To try to explain what I've said above consider this. The key for me is that I may be digging into a perspective that is foreign to my Canadian French/English cultural perspective but no less important. When I recognize the value of the author's knowledge I reach a realization that this knowledge needs to be presented to readers of my cultural environment in a manner that won't offend them but warm them up to the possibilities. Due to it being a foreign source the topic is sometimes steeped with keywords for which there is no French or English equivalent. It then becomes my effort to find the theory that it most closely resembles (not make up my own) in my culture and build a bridge of understanding between the two sources to reinforce it as a source of something worth understanding. In this case I would definitely want to rank for the keywords of the original source but then build my own new set of keywords that will explain it to the people of my culture. A primary reason for this is because a person of my culture might have overheard an interesting conversation (framed around foreign keywords even though spoken in English or French) while out in public and decide to research it.

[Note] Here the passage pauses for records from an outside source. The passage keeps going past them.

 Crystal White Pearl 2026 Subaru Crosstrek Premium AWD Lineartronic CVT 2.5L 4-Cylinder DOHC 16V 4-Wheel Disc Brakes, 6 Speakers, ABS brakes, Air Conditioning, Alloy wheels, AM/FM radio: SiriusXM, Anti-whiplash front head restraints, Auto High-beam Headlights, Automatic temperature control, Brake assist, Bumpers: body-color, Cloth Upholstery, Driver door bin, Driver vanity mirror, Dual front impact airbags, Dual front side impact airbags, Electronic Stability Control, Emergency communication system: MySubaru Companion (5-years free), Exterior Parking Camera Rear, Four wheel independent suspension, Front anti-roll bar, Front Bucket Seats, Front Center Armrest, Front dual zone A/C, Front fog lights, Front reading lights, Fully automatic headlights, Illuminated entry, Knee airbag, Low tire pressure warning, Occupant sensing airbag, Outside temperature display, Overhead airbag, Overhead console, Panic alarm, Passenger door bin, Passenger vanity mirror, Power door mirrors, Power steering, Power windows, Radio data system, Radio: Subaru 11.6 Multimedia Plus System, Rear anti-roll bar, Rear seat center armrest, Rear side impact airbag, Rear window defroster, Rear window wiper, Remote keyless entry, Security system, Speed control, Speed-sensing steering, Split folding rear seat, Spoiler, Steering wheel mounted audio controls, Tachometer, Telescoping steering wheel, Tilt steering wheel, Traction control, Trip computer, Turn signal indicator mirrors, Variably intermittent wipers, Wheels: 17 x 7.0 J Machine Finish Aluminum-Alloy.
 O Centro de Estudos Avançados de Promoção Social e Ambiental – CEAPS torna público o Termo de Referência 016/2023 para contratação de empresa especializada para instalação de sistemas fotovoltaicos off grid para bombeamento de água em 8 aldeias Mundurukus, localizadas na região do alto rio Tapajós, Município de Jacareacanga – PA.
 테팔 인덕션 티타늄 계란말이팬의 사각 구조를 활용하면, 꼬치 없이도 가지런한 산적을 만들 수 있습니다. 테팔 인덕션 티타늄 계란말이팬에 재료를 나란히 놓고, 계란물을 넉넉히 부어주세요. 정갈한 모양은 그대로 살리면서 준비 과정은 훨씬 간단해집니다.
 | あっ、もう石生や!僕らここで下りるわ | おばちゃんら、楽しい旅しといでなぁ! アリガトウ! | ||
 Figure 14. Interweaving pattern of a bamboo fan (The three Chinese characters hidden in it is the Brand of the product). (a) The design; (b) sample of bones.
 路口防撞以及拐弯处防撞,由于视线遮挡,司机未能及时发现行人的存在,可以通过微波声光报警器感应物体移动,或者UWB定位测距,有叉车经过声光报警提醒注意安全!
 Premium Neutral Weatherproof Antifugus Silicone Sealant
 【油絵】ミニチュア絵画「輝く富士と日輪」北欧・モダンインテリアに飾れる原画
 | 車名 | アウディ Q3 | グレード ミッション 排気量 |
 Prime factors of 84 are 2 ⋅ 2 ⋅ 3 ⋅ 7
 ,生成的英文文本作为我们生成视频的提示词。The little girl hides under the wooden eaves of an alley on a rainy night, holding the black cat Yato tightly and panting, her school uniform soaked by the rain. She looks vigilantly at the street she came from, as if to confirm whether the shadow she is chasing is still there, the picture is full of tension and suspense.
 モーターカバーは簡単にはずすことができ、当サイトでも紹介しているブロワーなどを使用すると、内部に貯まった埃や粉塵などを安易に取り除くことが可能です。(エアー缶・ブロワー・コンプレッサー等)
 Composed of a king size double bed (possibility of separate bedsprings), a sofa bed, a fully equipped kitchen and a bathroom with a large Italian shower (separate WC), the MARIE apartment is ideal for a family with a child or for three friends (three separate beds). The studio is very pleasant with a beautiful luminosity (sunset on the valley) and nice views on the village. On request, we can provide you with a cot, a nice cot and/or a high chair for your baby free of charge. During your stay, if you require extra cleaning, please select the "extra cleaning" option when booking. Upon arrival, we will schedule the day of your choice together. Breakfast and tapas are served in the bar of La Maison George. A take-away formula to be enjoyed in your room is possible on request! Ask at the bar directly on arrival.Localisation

But if they are only getting results from a foreign perspective (using the foreign keywords) they might become discouraged in trying to further understand it and therefore dismiss it. Whereas if they can find a source closer to home that has been "ideologically translated" (even though the original may be in English but catering to the "in the know crowd") they might say ah hah, I'm not the only one over here who recognizes some value here.
Anyway I just hit a wall here. I don't know if my points are going to be understood in their proper context. This response was very difficult for me to translate from my pattern way of thinking, into verbal expression, and finally into proper English and convey it to my fingers. I've been mulling this over for close to 2 hours. All my neurons are now firing together and I'm losing my focus, there's smoke coming out of my forehead, so I have to get out for a bicycle ride to cool down!
I guess tedster's view is from a more commercial perspective -- nothing wrong with that because that's his bread and butter and/or his preferred focus. As I often like to do I'll give a counter view, not to be confrontational, but for the sake of provoking debate which often helps us whittle down a topic until we collectively exhaust it. That is usually the point where we've reach a consensus that we have the OP in proper perspective -- though not necessarily resolved, if there is even a resolution. Many times there is no such thing as a cut and dry right or wrong outcome.